Gradient-driven mass diffusion, or species separation, is a transport process which can occur in plasma shocks. Experimental observations of this phenomena are difficult to make, but are of interest to ongoing Inertial Confinement Fusion efforts. This body of work describes the results of two major experimental campaigns conducted at Virginia Tech's Experimental Plasma and Propulsion Laboratory to identify species separation in multi-component plasma shocks. A linear plasma-armature railgun forms and accelerates low temperature, high density, supersonic plasma jets, with the collision between two of these jets shown to induce a collisional plasma shock in the first campaign. The second campaign leverages this experimental setup while employing spatially resolved emission spectroscopy alongside collisional radiative modeling to identify species separation within multi-ion-species plasma shocks consisting of argon, aluminum, and nitrogen.

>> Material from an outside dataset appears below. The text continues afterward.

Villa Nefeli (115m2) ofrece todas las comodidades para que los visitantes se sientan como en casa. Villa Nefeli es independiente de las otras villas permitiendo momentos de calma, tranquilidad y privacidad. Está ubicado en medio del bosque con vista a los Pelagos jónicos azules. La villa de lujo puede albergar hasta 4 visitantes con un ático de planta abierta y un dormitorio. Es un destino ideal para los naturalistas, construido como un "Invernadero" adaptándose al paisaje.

These results are some of the first to be performed in a plasma shock with more than two ion species, and can be used for verification and validation of physics models of fusion plasmas.

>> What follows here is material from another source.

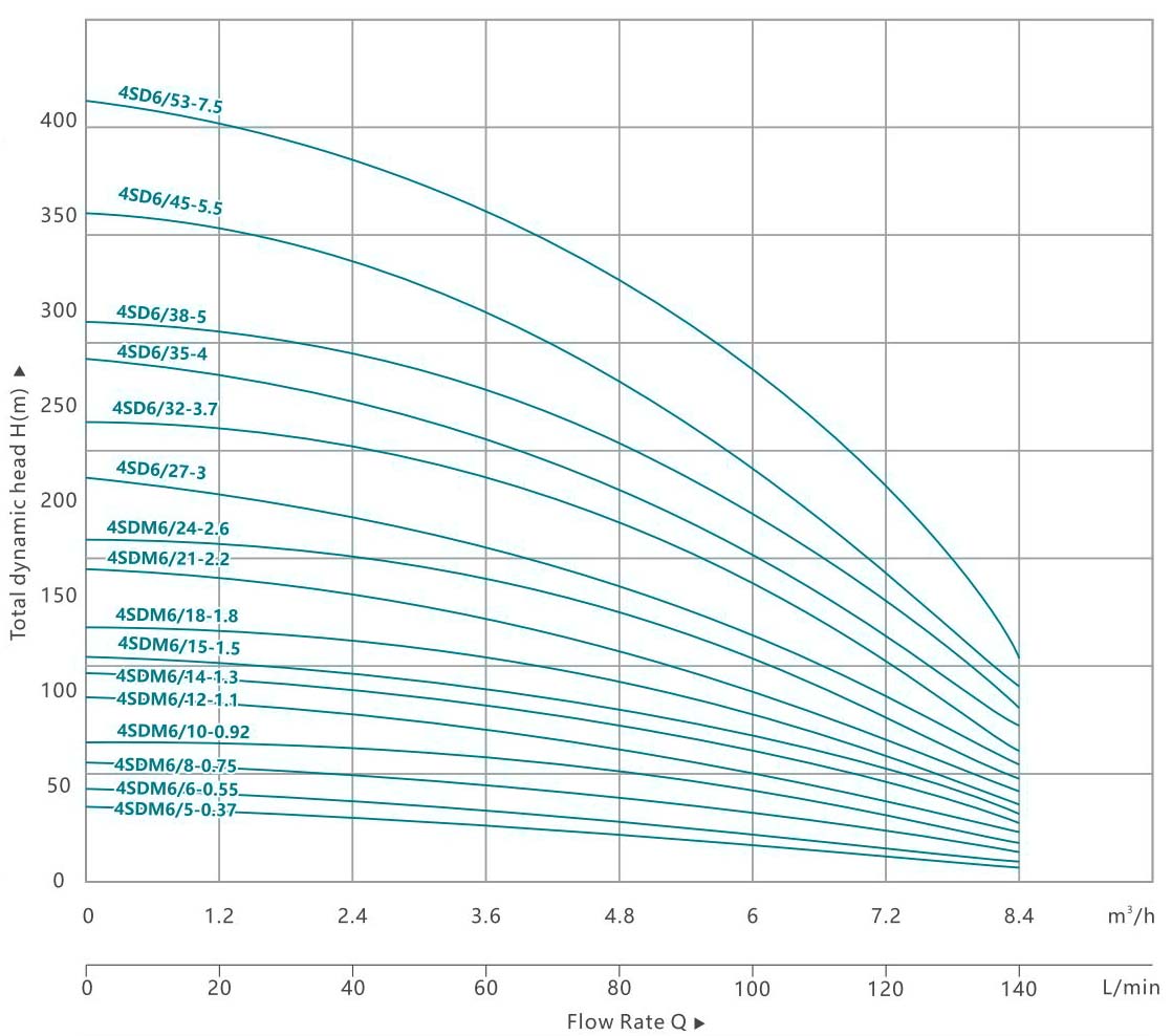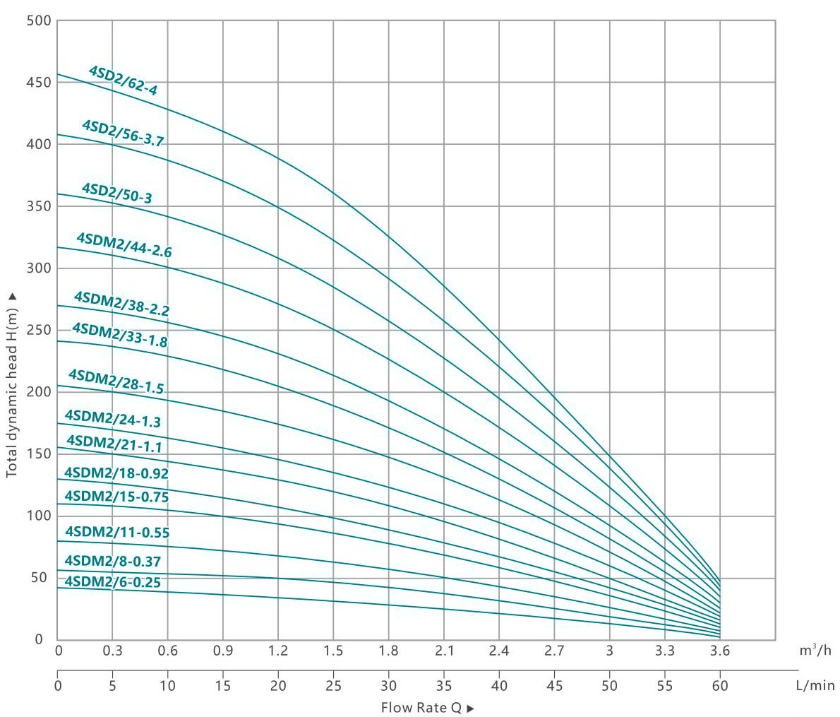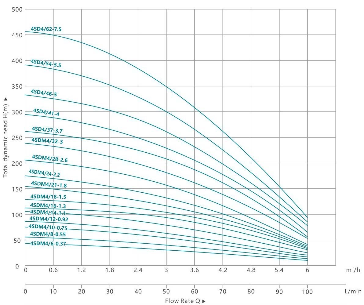 | 4SDM4/6-0,37 | 4SD4/6-0,37 | 0.37 | 0.5 | H(m) | 44 | 43 | 40 | 39 | 37 | 34 | 30 | 25 | 20 | 16 | 10 |

This body of work was supported by the National Science Foundation under Grant No.
PHY-1903442. / Doctor of Philosophy / Plasmas represent the fourth state of matter, where enough energy has been imparted onto a gas for ionization to occur, resulting in a quasi-neutral collection of charged and neutral particles that are subject to both hydrodynamic and electrodynamic effects. Shocks can occur in plasmas, which presents as a transition layer where plasma parameters drastically change over a small region of space. Plasmas hold the key to nuclear fusion, with the topic of gradient-driven mass diffusion, or species separation, in plasma shocks being of great interest to large-scale fusion experiments. This body of work performs experimental measurements using a railgun-based plasma source to create plasma shocks with multiple ion species in the laboratory, and ultimately observe this effect of species separation through the use of spatially resolved spectroscopy. To the author's best knowledge, these measurements represent some of the first to be done in a plasma shock with more than two ion species, and can be used to benchmark physics models of plasmas in fusion experiments.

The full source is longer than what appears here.